1. Field of the Invention

The present invention relates to a secondary ion mass spectrometer, and more specifically, to a secondary ion mass analyzer for analyzing a sample by irradiating the sample with a primary beam, such as a high speed atom beam, and simultaneously separating and detecting both positively and negatively charged secondary ions emitted from the sample.

2. Description of the Prior Art

FIG. 1 schematically illustrates the structure of a secondary ion mass spectrometer of the prior art. In this figure, reference numeral 1 designates a high speed beam source for emitting a high speed atom beam, 2 an analyzing tube, 3 a sample, 4 a quadrupole mass spectrometer, 5 a secondary electron multiplier, 8 an amplifier, 7 a recorder, 8 a vacuum pump, 9 a high speed atom beam, and 10 secondary ions generated when the sample is irradiated with the high speed atom beam.
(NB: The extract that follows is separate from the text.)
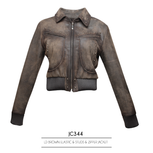 LD BROWN ELASTIC & STUDS & ZIPPER JACKET

This secondary ion mass spectrometer of the prior art operates as follows. An analyzing tube 2 and a quadrupole mass spectrometer 4 are sufficiently evacuated with a vacuum pump 8. A beam source 1 emits a high speed atom beam 9 to irradiate a sample 8. Secondary ions 10 are emitted from the sample 8 which is irradiated and bombed by the high speed beam 9 and these ions are discriminated by the quadrupole mass spectrometer 4, whereby only the secondary ions having a particular mass are selected and enter a secondary electron multiplier 5. Secondary ions 10 are converted into electrons equivalent to the input secondary ions in the secondary electron multiplier 5 and the output is fed through an amplifier 8 and finally recorded by a recorder 7.
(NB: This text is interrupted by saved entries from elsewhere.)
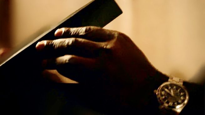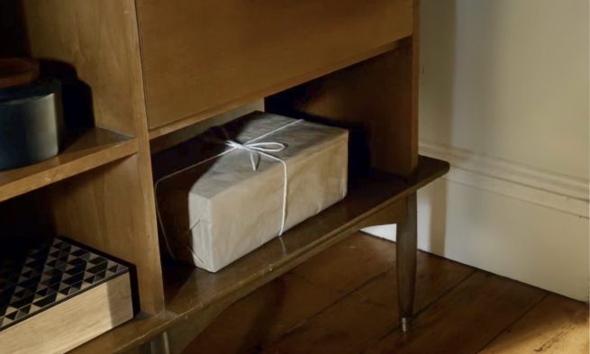 [ Tearfully, Dembe holds the wrapped box Red gave hims years earlier. He remembers the day: ]
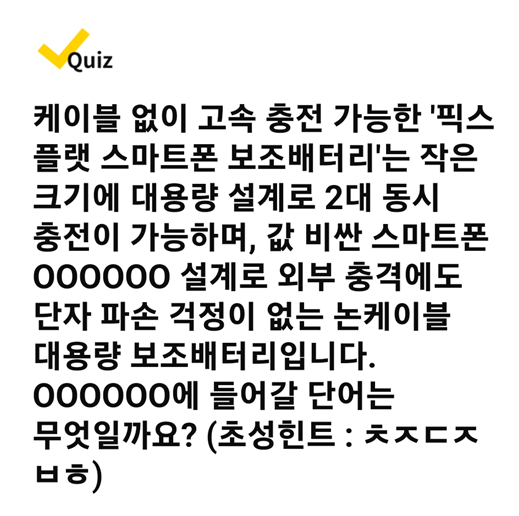 Q : 케이블 없이 고속 충전 가능한 '픽스 플랫 스마트폰 보조배터리'는 작은 크기에 대용량 설계로 2대 동시 충전이 가능하며, 값 비싼 스마트폰 00000 설계로 외부 충격에도 단자 파손 걱정이 없는 논케이블 대용량 보조배터리 입니다. 000000에 들어갈 단어는 무엇일까요?
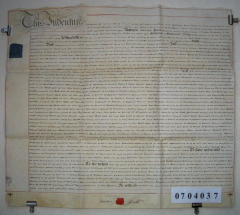 | Parchment : 1 sheet 60cm x 69cm with 1 wax seal, signature and revenue stamp | |||||||||||
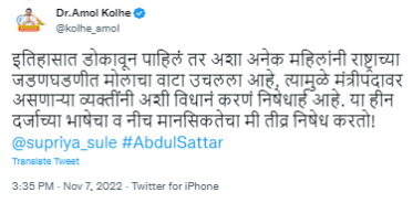 अन्य एका ट्वीटमध्ये, “इतिहासात डोकावून पाहिलं तर अशा अनेक महिलांनी राष्ट्राच्या जडणघडणीत मोलाचा वाटा उचलला आहे, त्यामुळे मंत्रीपदावर असणाऱ्या व्यक्तींनी अशी विधानं करणं निषेधार्ह आहे. या हीन दर्जाच्या भाषेचा व नीच मानसिकतेचा मी तीव्र निषेध करतो,” असं म्हणत अमोल कोल्हेंनी सुप्रिया सुळे यांना टॅग करत अब्दुल सत्तार यांच्या नावाचा हॅशटॅग वापरला आहे.

Such a secondary ion mass spectrometer is used for mass analysis of secondary ions generated from a solid surface of a sample irradiated with a high speed beam. This analyzing method provides extremely high sensitivity in comparison with other surface analyzing methods such as Auger electron spectroscopy and X-ray electron spectroscopy, and is characterized by its ability to analyze all of the elements of the periodic table and isotopes. Particularly, a high speed atom beam having energy of several hundred electron volts to several kiloelectron volts is suitable for mass analysis because it is electrically neutral and therefore is not influenced by a charged insulator, and the range of the orbit of the atom beam remains constant as the atom beam is not influenced by space charges.
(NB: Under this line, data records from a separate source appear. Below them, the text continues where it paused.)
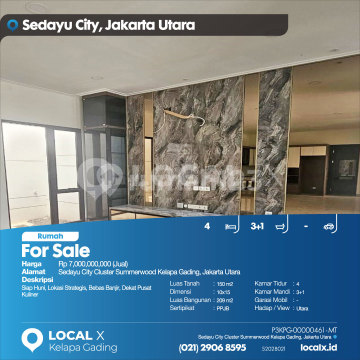 Siap Huni, Lokasi Strategis, Bebas Banjir, Dekat Pusat Kuliner For Sale - Jual Rumah Sedayu City Cluster Summerwood Kelapa Gading, Jakarta Utara Harga. Rp 700000xxxxJual) Deskripsi Properti. Siap Huni, Lokasi Strategis, Bebas Banjir, Dekat Pusat Kuliner Luas Tanah. 150 m2 Dimensi. 10x15 Luas Bangunan. 209 m2 Sertipikat. PPJB Kamar Tidur. 4 Kamar Mandi. 3+1 Garasi Mobil. - Hadap / View. Utara LOCAL X Kelapa Gading ******** ⓪②① ②⑨⓪⑥ ⑧⑤⑨⑤ Whatsapp/Call. Mariana - ⓪⑧①⑥④⑧③⓪⑤⑤⓪ P3KPG-0000xxxx-MT-J
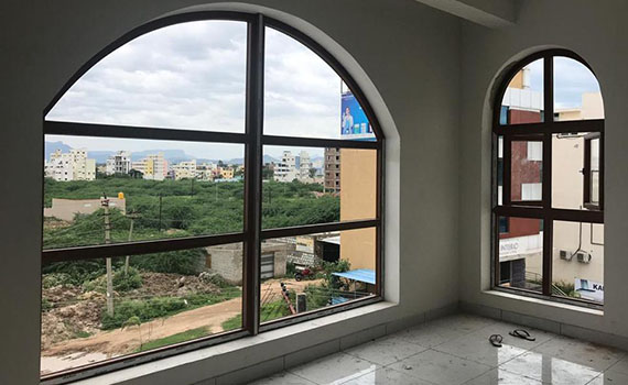 Glass thickness is selected based on the height of window (min 5mm). Glass design may be tempered or laminated according to clients requirment
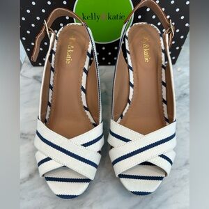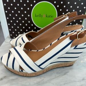 Kelly & Katie wedges blue and white striped NWT in box
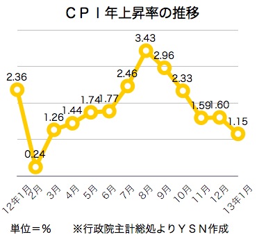 行政院主計総処が5日発表した1月の消費者物価指数(CPI)は102.44ポイントで、前月比0.15%下落、前年同月比1.15%上昇した。前年比上昇率は過去11カ月で最低となった。ただ、昨年は1月に春節(旧正月)を迎え、タクシー運賃や旅行ツアー代金が値上がりしたことから、今年の年上昇率が抑えられた要素がある。一方、2月は春節で物価上昇が見込まれるため、今年1〜2月の状況は2カ月平均で観察するのが妥当と主計総処は指摘している。6日付工商時報が報じた。

However, a secondary ion mass spectrometer of the prior art does not separate both positively and negatively charged secondary ions, although both positively and negatively charged secondary ions are simultaneously emitted from a sample. Therefore, positively charged secondary ions cannot be detected when negatively charged secondary ions are detected, and vice versa. Accordingly, when it is required to obtain a mass spectra of secondary ions of different polarities from one sample, analysis must be conducted twice, whereby the operation is complex and cannot be carried out swiftly.

SUMMARY OF THE INVENTION

In view of the foregoing problems of the prior art, it is an object of the present invention to provide a secondary ion mass spectrometer which simultaneously separates and detects both positively and negatively charged secondary ions emitted from a sample.

In order to achieve the object mentioned above, the present invention provides a secondary ion mass spectrometer comprising a mass-separating means for mass-separating secondary ions emitted from a sample irradiated with a high speed primary beam, and a charge separating means for receiving the secondary ions separated by the mass-separating means to charge-separate such secondary ions into positively charged and negatively charged secondary ions whereby currents corresponding to the quantities of the separated positive and negative secondary ions can be generated.

The present invention also provides a secondary ion mass analyzer comprising (1) a means for irradiating a sample with a high speed primary beam, (2) a mass-separating means for separating and detecting the secondary ions emitted from the sample, (3) an ion separator means arranged downstream of the mass-separating means and including a plurality of metal electrodes extending parallel to each other and supplied with positive and negative voltages and an electrostatic shield surrounding the metal electrodes and having an ion entering hole facing the mass-separating means and ion exiting holes, and (4) ion-current converting means facing the respective ion exiting holes.

In a preferred embodiment of the present invention, four metal electrodes are arranged at four apices of a rectangle. A positive voltage is applied to the electrodes located on one diagonal of the rectangle while a negative voltage is applied to the electrodes located on the other diagonal thereof.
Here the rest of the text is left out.